Tennessee police officers suspended after executing warrant on wrong family


NASHVILLE, Tenn. (NewsNation) — Three Tennessee police officers have had their police powers suspended and an investigation is pending after they broke down the door of an innocent family.

Metro Nashville Interim Police Chief John Drake ordered a full investigation of the incident by the department’s Office of Professional Accountability. He said the officers did not exercise due diligence in confirming the suspect they were looking for lived at the apartment. Also, the family should have been given more time to answer the door when the warrant was executed.

“No innocent family in Nashville, anywhere, should be subjected to what the mother and her two children went through on Tuesday morning,” Drake said in a news release. “They were awakened by a team of officers who banged on their door and ultimately knocked it in with a ram. It appears that the mother was not given the proper time to come to the door before it was breached.  It also appears that the West Precinct did not exercise due diligence in confirming that the 16-year-old who was the subject of the search warrant even lived at that apartment.”

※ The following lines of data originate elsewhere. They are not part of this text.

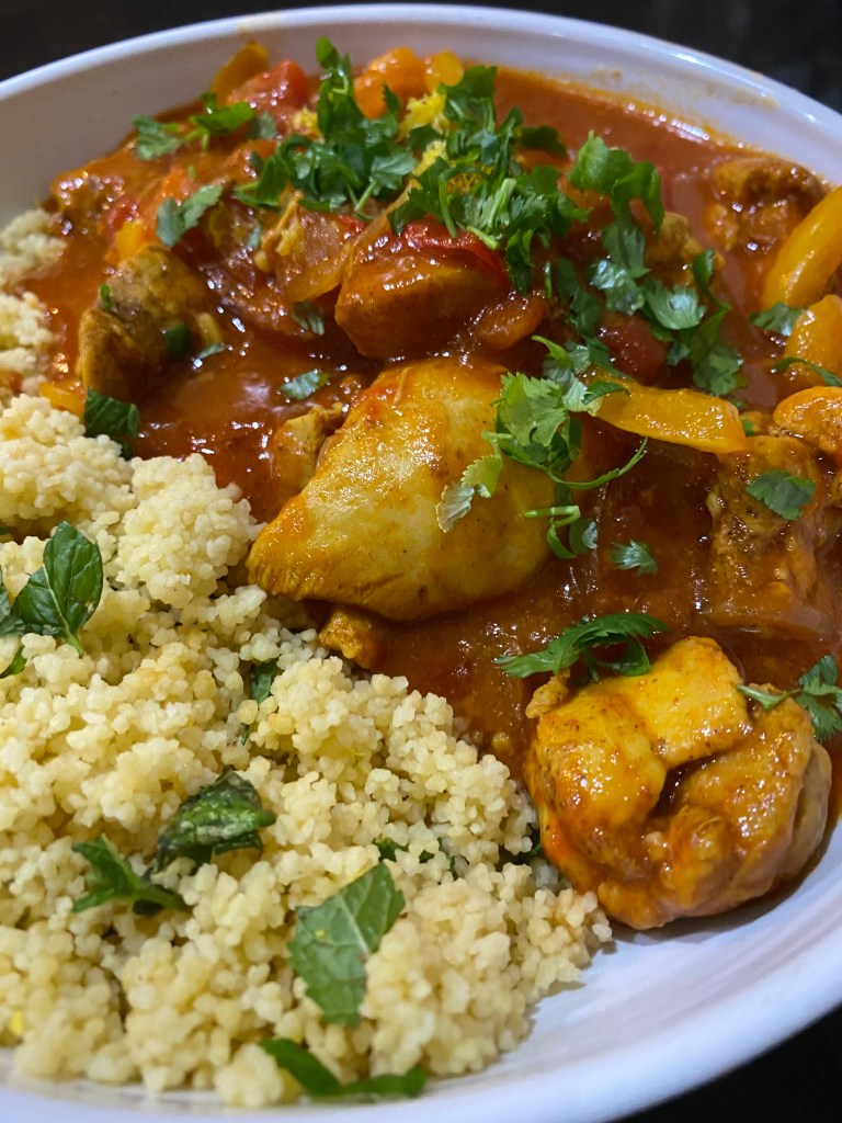 Happy October! Lovely and warming, this chicken Tagine has exotic tasting spices, sweet peppers and apricots to cheer up any Autumn evening.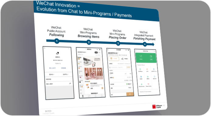 WeChat Innovation = Evolution from Chat to Mini-Programs / Payments WeChat WeChat WeChat WeChat Public Account Mini-Programs Mini-Programs Integrated Payment Following Browsing Items Placing Order Finishing Payment 1 2 3 4 Internet Trends 315 2019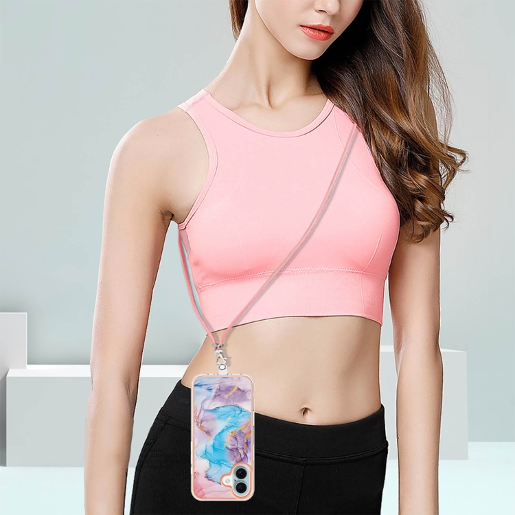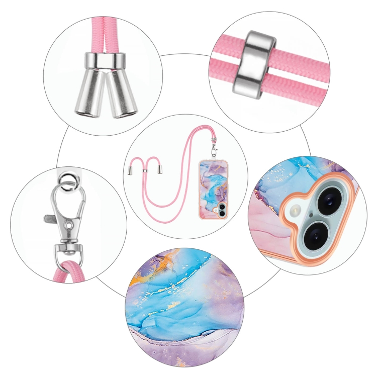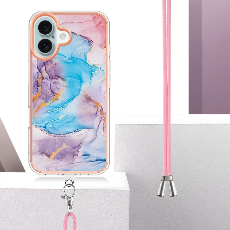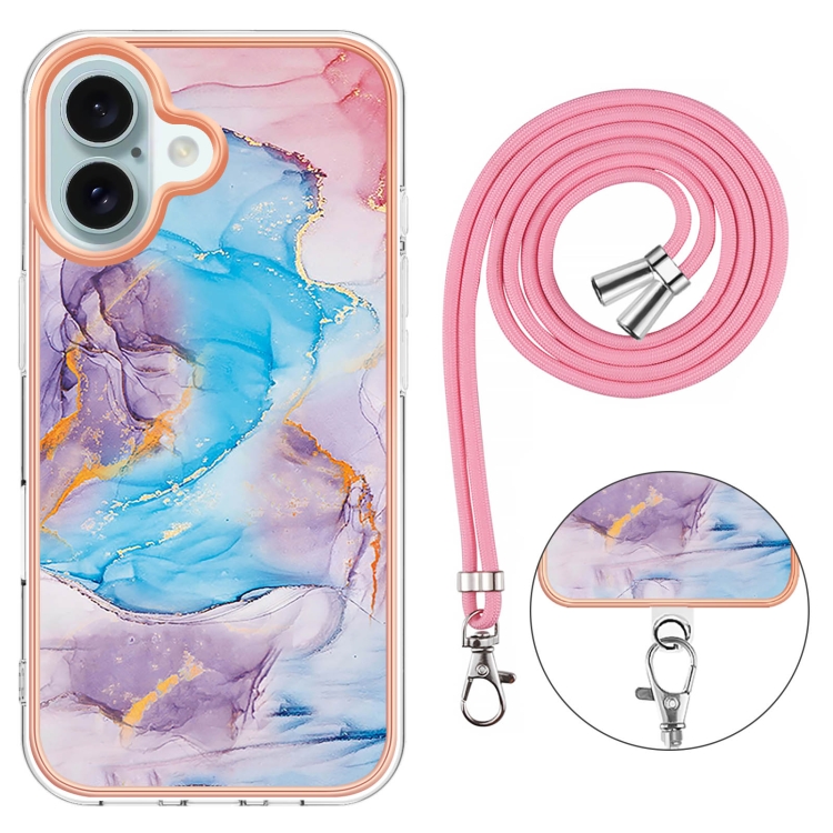 Funda a Prueba de Golpes TPU con Patrón Galvanoplastia Imd para iPhone 16 con Cordón (Mármol Azul Vía Láctea)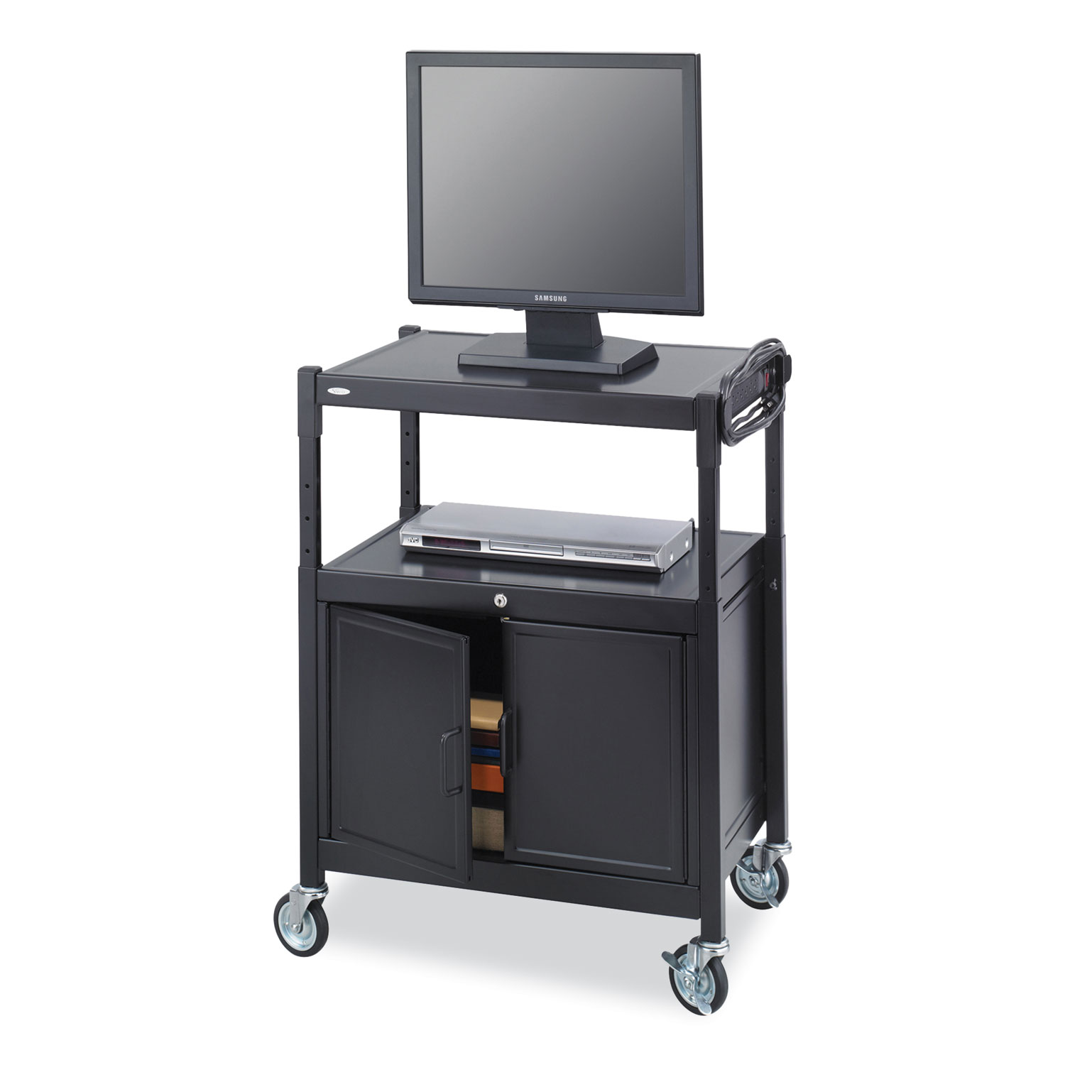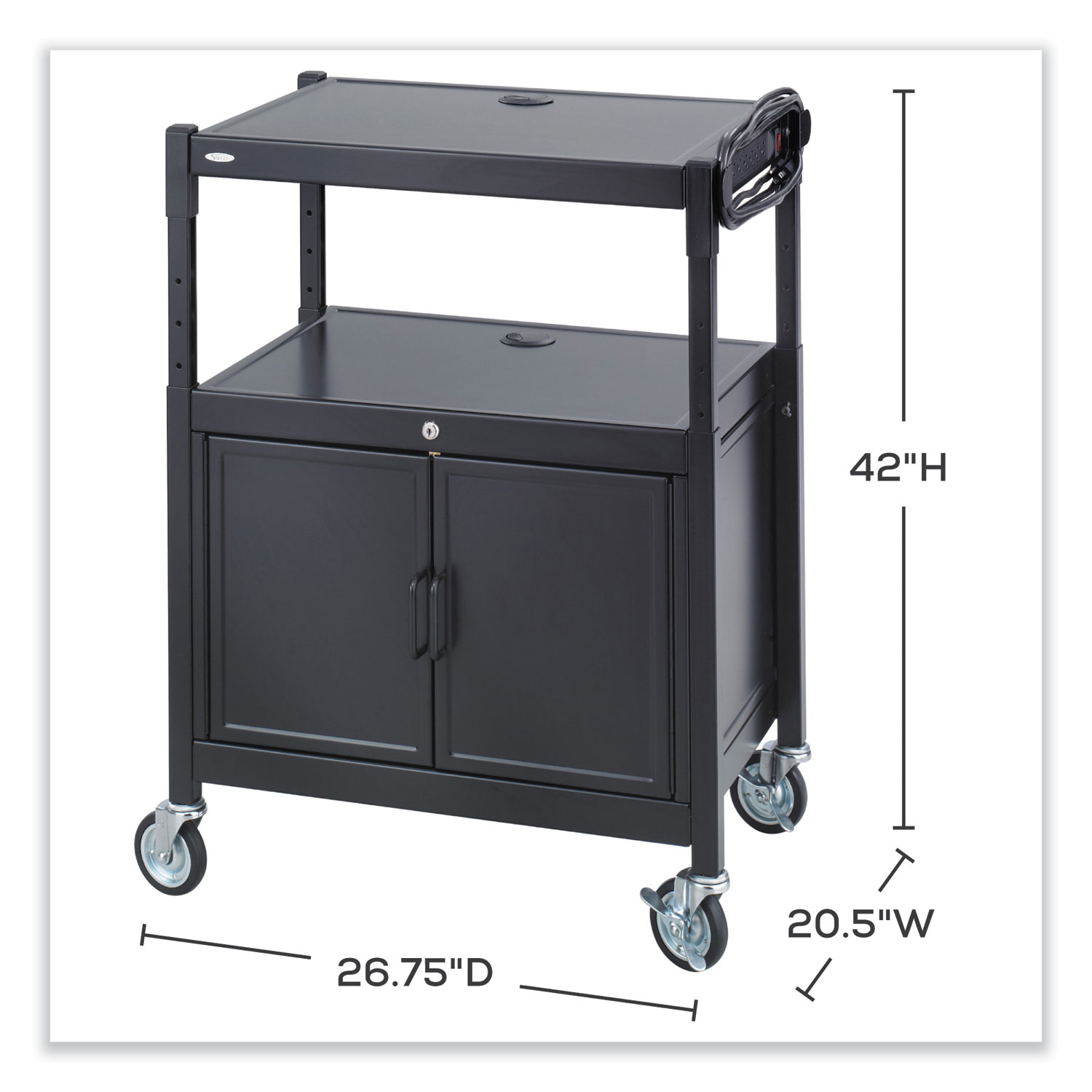 The Steel Adjustable AV Cart with Cabinet is a black projector cart that holds monitors up to 20". Furnished with a secure locking cabinet, the steel projector cart adjusts from 26" to 42" in 2" increments. Features a six outlet UL approved mini-surge protector with power switch. Mobile cart on four casters (two locking). Material(s): Steel; Overall Material Type: Metal; Color: Black; Color Family: Black.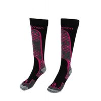 Salomon Ski Snowboard Socks - Black/Pink\n\nProperties:\n\nWarm socks made of Cordura material and Merino wool, which is extremely thin but very warm and elastic.\n\nMerino wool keeps you warm even when wet.\n\nThe structure of Cordura fibers is characterized by above-average resistance to abrasions and abrasions.\n\nThe socks have a shin guard reinforced with terry cloth.\n\nAn ankle brace is an elastic band around the ankle that prevents injuries to the tendons and muscles in this area.\n\nFlexible midfoot support that does not restrict freedom of movement.\n\nFlat seams on the fingers and reinforced toe area.\n\nUniversal socks for winter sports.\n\nMaterial:\n\n37% Nylon, 29% Polypropylene, 16% Acrylic, 16% Merino Wool, 2% Elastane.\n\nColor:\n\nBlack\n\nPink\n\n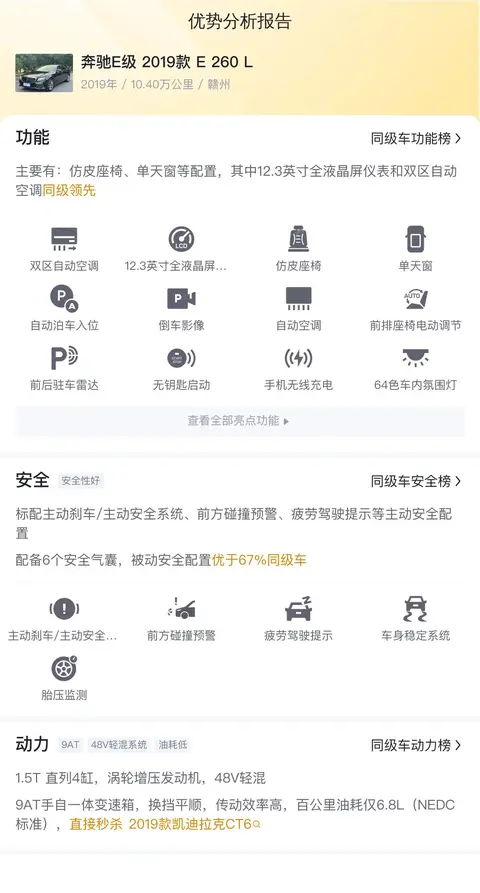 在与奥迪A6L、宝马5系等主要竞争对手的对比中,这辆奔驰E级 2019款 E 260 L在舒适性和科技感方面表现出色。其座椅舒适度、内饰材质以及智能互联功能的丰富程度,均为其带来了不错的竞争优势。然而,在动力响应和操控乐趣方面,它可能不如宝马5系那样强调运动特性;相比之下,奥迪A6L可能在空间利用和科技配置上提出更为激进的设计方案。尽管如此,E级车凭借其均衡的性能表现和奔驰品牌的豪华形象,依旧吸引了众多追求舒适与品质的消费者。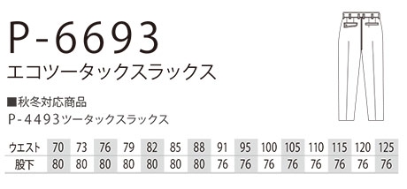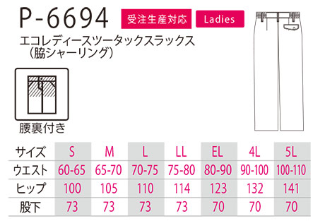 P-6694/エコレディースツータックスラックス(脇シャーリング)(受注生産対応) |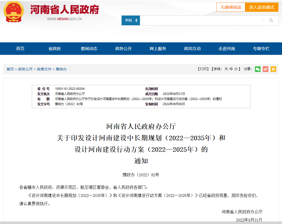為認(rèn)真落實河南省第十一次黨代會精神,加快打造設(shè)計河南,為經(jīng)濟社會高質(zhì)量發(fā)展提供重要支撐,9月7日,河南省人民政府辦公廳發(fā)布《設(shè)計河南建設(shè)中長期規(guī)劃(2022—2035年)》和《設(shè)計河南建設(shè)行動方案(2022—2025年)》。

The officers had used an outdated Nashville public housing agency database to find the home of the suspect they were investigating, according to NewsNation affiliate WKRN. The database had not been updated since 2018 after the agency determined that providing housing information to the police violated privacy laws. Police were looking for evidence related to auto burglaries, according to a police spokesperson.

“There appears to have been a lack of confirming through other means, including surveillance or checking with human sources,” Drake said. “We have to be better than that, and I absolutely assure you, we will be moving forward.”

Drake also said the officers did not appear to give the woman who lived in the home sufficient time to come to the door before ramming it open at 6:05 a.m.

The interim chief said Midtown Hills Precinct Commander Dwayne Greene has met with the current resident of the apartment, apologized to her on behalf of the police department, and will continue outreach to her and her children.

Chief Drake also ordered all applications for search warrants by a Metro officer be reviewed and approved at the Deputy Chief of Police level, rather than by the employee’s component supervisors. Meanwhile, a review is underway of search warrant procedure and updated police training will be assessed.

The raid comes amid a national discourse on policing after several high-profile killings of Black Americans, including George Floyd and Breonna Taylor. In this case, the suspended officers are white and the family is Black.

The Associated Press contributed to this report.